The random rantings of a concerned programmer.

Archive for December, 2008

see if you can spot the bug

December 30th, 2008 | Category: Random
post_ids <- case r of 
  Nothing -> (do
    -- actually have to run the query here
    let q = "SELECT post_id FROM s_posts p WHERE " ++ q_where ++ " ORDER BY p.post_date DESC"
      where q_where = intercalate " AND " post_clauses

    stm <- prepare db q
    execute stm post_params
    rs <- fetchAllRows' stm

    let post_ids = map (\x -> fromSql (x !! 0) :: Int) rs

    -- cache the results
    let q = "INSERT INTO " ++ cache_table ++ "( query_string, query_result ) VALUES( ?, ? )"
    stm <- prepare db q
    execute stm [toSql q_serialized, toSql (encode post_ids)]

    return post_ids)

This block of code runs right after checking to see if the fulltext search results are cached. Specifically, this bit gets run if the search isn't currently cached -- it performs the fulltext search and throws the results back into the database as a JSON-encoded list of matching post IDs.

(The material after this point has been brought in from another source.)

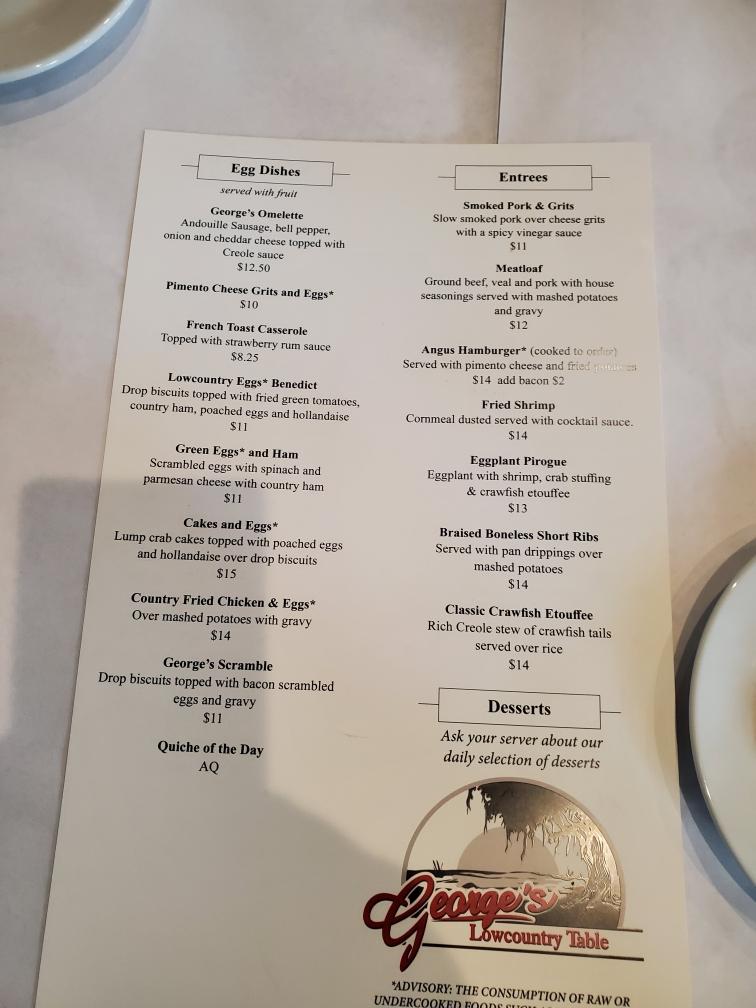 Whether you're enjoying a leisurely brunch with Sunday mimosas or a cozy dinner with friends, the warm service and inviting atmosphere make every visit special. At George's Lowcountry Table, each meal is a celebration of Southern heritage, inviting you to savor every bite.

The kicker here is the fetchAllRows'. This function differs from fetchAllRows in that it is strictly evaluated -- which means if you've got a lot of search results, it'll pull them in all at once and leave you sitting with a massive array. Instead, we'd like to collect the results and throw them to the DB as we're fetching them. The solution is to switch to fetchAllRows, making sure to use a separate stm (because the subsequent execute on the same statement will dick stuff up).

I won't bother posting the fixed code, it's a fairly trivial change.

This also explains why I was never able to reproduce the problem by re-executing requests from the access logs -- this code only gets triggered the first time the search hits the database. Once it was run, the results got cached and this bit of code wouldn't need to execute again.

Sneaky motherfuckers!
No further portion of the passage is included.